Transcendendo o clima de filme-de-entretenimento sobre a escolinha-de-música que marca uma obra como “Escola de Rock” (de R. Linklater), a obra de Sergio Machado atinge sua maior grandeza e intensidade em uma cena particularmente enfurecida em que uma insurreição toma conta de Heliópolis após a polícia assassinar Samuel, o garoto-promessa da turma de música.

Este homicídio estatal de alguém que a comunidade reconhece como inocente e cheio de potencial é descrito no filme como estopim para uma sublevação popular que acarreta um desencadeamento de rebeldias. O levante toma a forma de ônibus incendiados, barricadas improvisadas e violentos conflitos com a polícia, xingada de assassina e cruel – e os “porcos fardados” são aqueles que os moradores tentam expulsar da comunidade como se estivessem numa Intifada Palestina.


É nestas cenas que “Tudo Que Aprendemos Juntos” alça-se à beleza punk e perturbadora de uma outra obra que marca a história recente do cinema paulista, “Riocorrente” de Paulo Sacramento. Dialoga também com o “Jonas” de Lô Politi – que tem na participação em ambos do Criolo, fazendo ponta como ator, um ponto-de-ligação -, obra que se utiliza do Carnaval de São Paulo, e em especial de um carro alegórico que é uma imensa baleia, como cenário onde aninhar um drama incendiário de paixão indomável, sequestro improvisado e esperanças reduzidas a cinzas.


Alguns sonham com um país onde enfim floresçam orquestras nas favelas e escolas de qualidade nos guetos. Alguns colocam-se em ação para a construção coletiva de uma educação mais inclusiva e democrática. O próprio ideal da Cultura Viva de Gilberto Gil e Juca Ferreira, através do revolucionário do-in antropológico que espalhou pontos de cultura interconexos pelo território do país, hoje encontra-se detonado e mal pago pelo Bozonazismo que pilota o Estado feito um ébrio (de ópio, de ódio!) no leme dum Titanic. Aos sonhadores de melhores dias para a educação e a cultura, o presente pode assustar pelo pesadelo pesado de sua distopia: tudo é tão difícil e fica tão emperrado neste país que parece condenado, como dizia Millôr, a ter “um longo passado pela frente”!

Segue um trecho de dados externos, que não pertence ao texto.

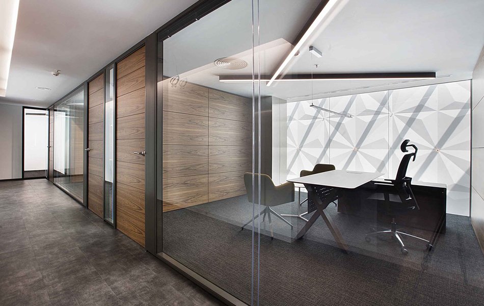 Maksimum şeffaflık için düşey profilsiz olarak tasarlanan bu sistem, estetik görünümünün yanı sıra yüksek akustik performans ve izolasyon sağlar. Gerektiğinde dolu modüllerle entegre edilerek fonksiyonel çözümler sunar.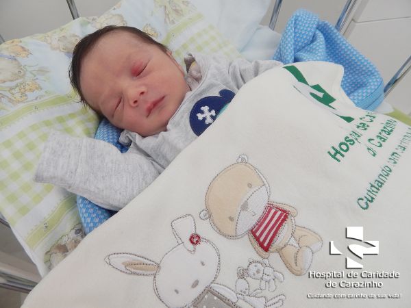 Olá. Eu nasci com 2.995 kg e 48 cm. Diógenes Saldanha Hoffmann é o meu papai e Lana Milena da Silva Rodrigues é a minha mamãe. Quem cuida de mim é o(a) Dr.(a) Maria Cecília (Pediatra). A equipe do Hospital de Clínicas de Carazinho parabeniza a família pela chegada do Santiago.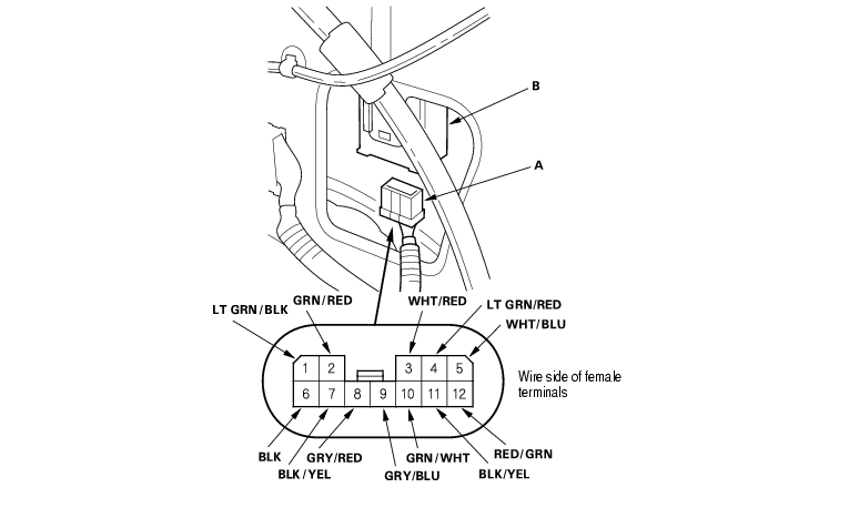 - Disconnect the 4P connector (A) from the wiper motor (B).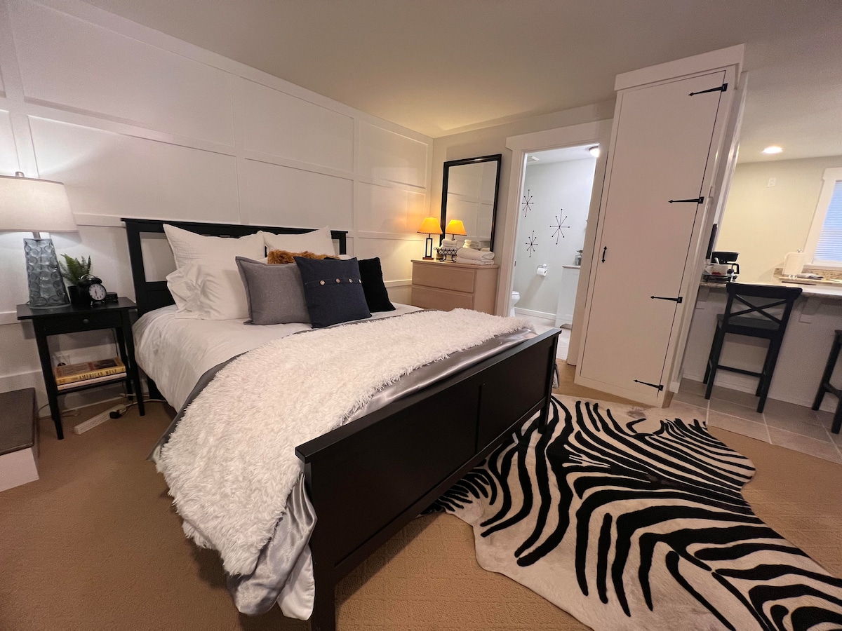 全新现代1间私人加大双人床套房,带卫生间和独立入口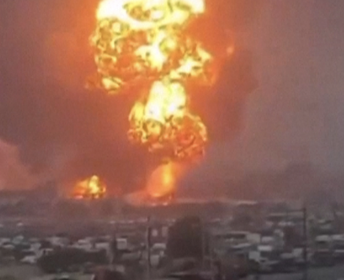 Images and videos shared on social media showed large balls of fire and smoke at the targeted oil storage facilities at Hodeidah Port and other locations.

Ao fim de Tudo Que Aprendemos Juntos fica na boca, na mente, na ressaca dos olhos, uma confusa resposta à questão que o título coloca: talvez não tenhamos aprendido muito, como país, já que seguimos tombando em velhos erros e insistindo em sórdidos equívocos (como empoderar homens brancos e ricos com tendências autoritárias, ímpetos ditatoriais e idolatrias por torturadores e genocidas…).

Encarnados na expressão e na postura deste magistral artista que é Lázaro Ramos ficam a agridoce e indignante sensação de que, neste país de desigualdades desastrosas e injustiças indignantes, mesmo os mais batalhadores e talentosos muitas vezes acabam triturados e detonados pela Máquina de Desumanização vigente. Quantas Marielles, quantos Samuels, ainda vão ter que morrer?

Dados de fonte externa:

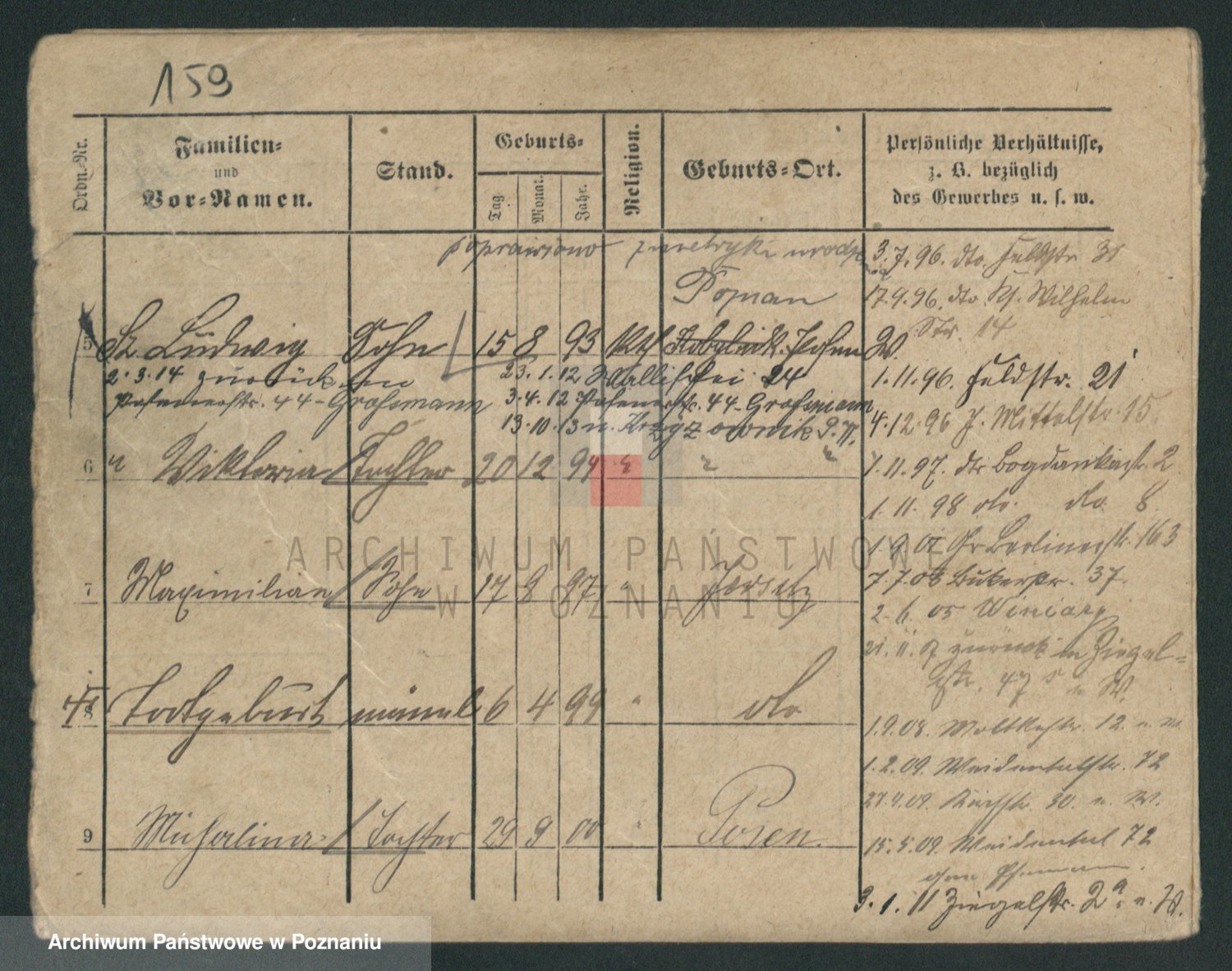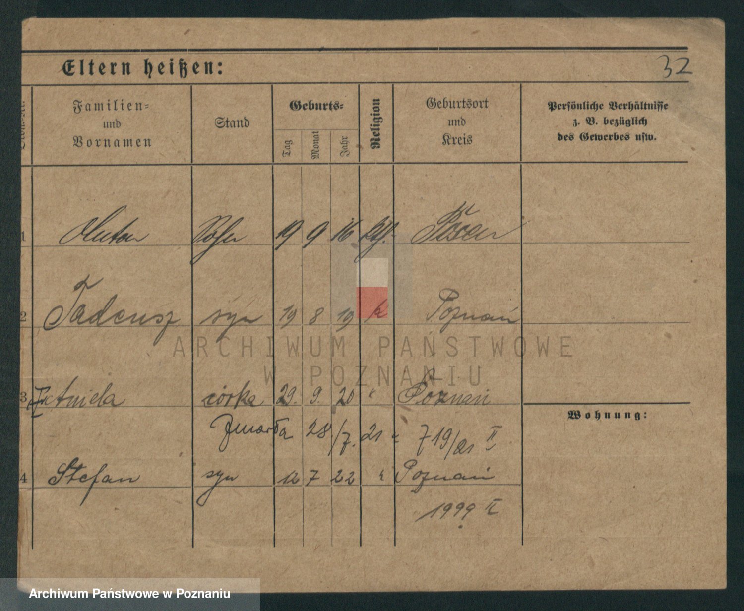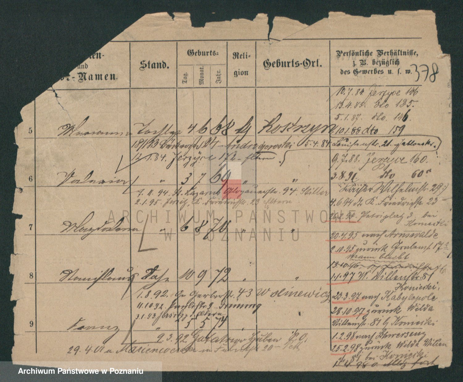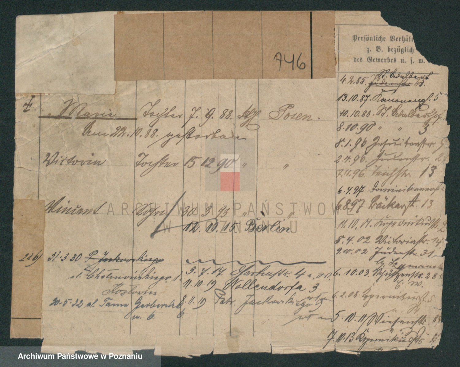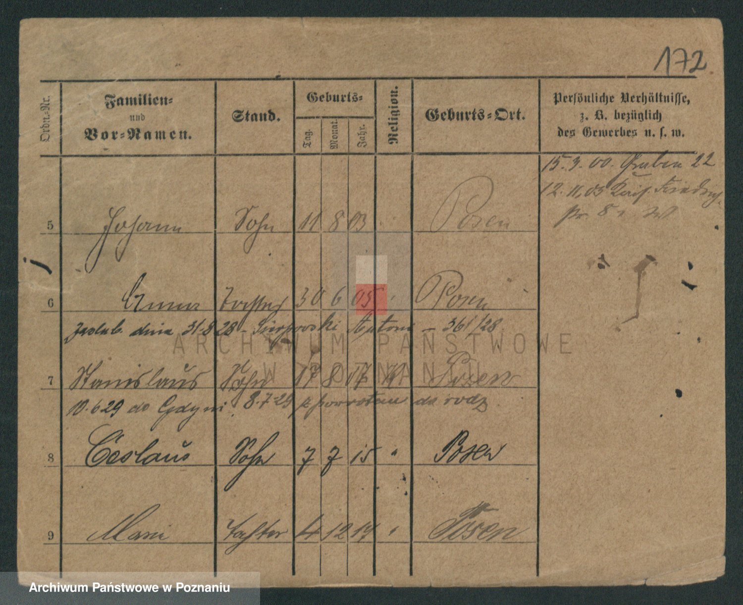 Podgląd karty osobowej dostępny jest po kliknięciu na nazwisko lub ikonkę karty. Można dokonywać powiększenia (ikony na górze) lub przechodzić między kolejnymi skanami (strzałki po bokach).

Os poucos que, saindo do gueto, tornam-se “vencedores” – como Laerte na Osesp – não nos oferecem o consolo edulcorante e enjoativo fornecido pela Meritocracia, ideologia anestesiante propagada por quem está acima na pirâmide social. Estes poucos que vencem nos lembram de que são exceções e não regras, e que as injustiças ancestrais e infelizmente conservadas – como o racismo estrutural – prosseguem tornando a ideologia meritocracia uma piada de mau gosto.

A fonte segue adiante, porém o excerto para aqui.